Seasoned competitors who had been over parts of it on reconnaissance runs agreed that they had never seen anything quite so long, tough and demanding before. Next – a 20-day route on to Mexico. The route from Rio to Sao Paulo is the only ‘easy section’ in South America. The two Primes in Brazil have an additional hazard – narrow wooden bridges. One example is 100 yds long with a 3-foot gap between the planks showing the fast-flowing river underneath.

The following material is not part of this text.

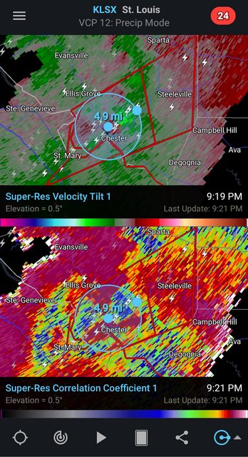 The TDS on the storm that went through Fredericktown is not as deep as earlier, but it is roughly 5 miles wide.

The Primes can vary from 2 – 10 hours in length and up to 16,000 ft – never achieved before. The section in the Peruvian Andes is the most sensational timed stage in the world, much of it just wide enough for one car.
Picture if you can dirt track roads strewn with fist-size boulders winding high through the Andes mountains with treacherous drops of a thousand feet into the valley below. In some places the route went into the snow line – days later the drivers would find themselves in the tropical jungle in the hinterlands of Bolivia. Many of the tortuous ‘Prime’ sections consisted of roads that would cause the average family motorist to turn back. The rally drivers would average close to 50 miles an hour over these roads and tracks.

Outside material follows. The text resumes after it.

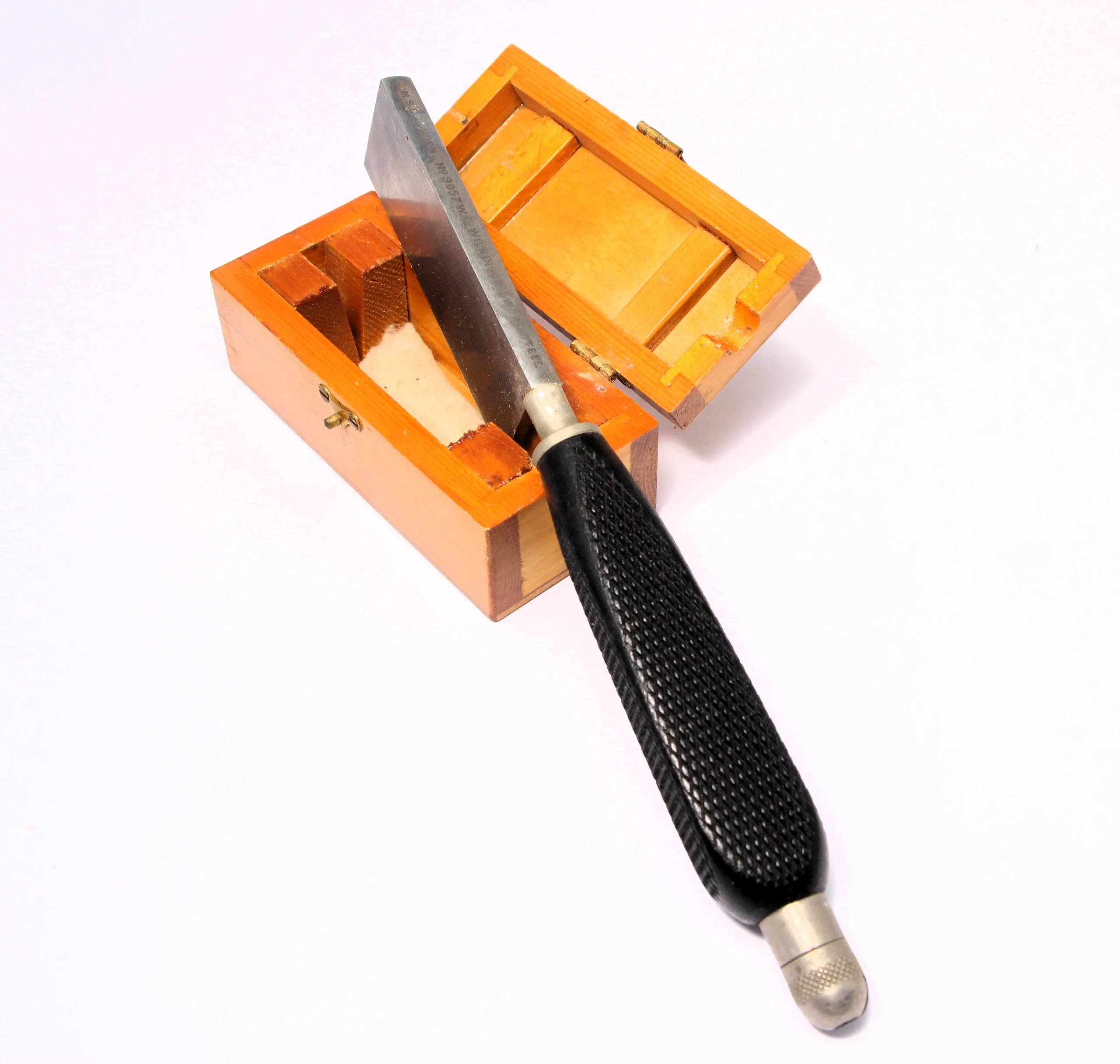 Cuchillo para cortes histológicos con estuche, mango y hoja recambiable de acero Wilkinson.

Out of 106 starters, only 23 reached the finish. Hannu Mikkola and Gunnar Palm in the Ford Escort 1850 FEV 1H brilliantly won the event, with the British Leyland rally team of Brian Culcheth and Johnstone Sayer in the Triumph 2.5PI only 1 hrs 18 mins behind after 16,000+ miles – and the third placed Ford Escort of Rauno Aaltonen and Henry Liddon another 21 mins behind that!! In fact, 5 Ford Escort 1850s would finish in the top 8 – a tremendous achievement by the Ford team and this sparked the launch of the Ford Mexico later in November 1970.
Rosemary Smith, Alice Watson & Ginnette DeRoland finished 10th in the Works Maxi taking the Ladies prize, while the other Works Maxi finished 22nd. The Datsun 1600SSS of the Dutch team, Rob Jansson and Jacob Dik finished 21st o/a – nearly 2 days after the first car having had to virtually rebuild the car several times! To reach the finish was a massive achievement with the last car coming in only 56 hours after the first.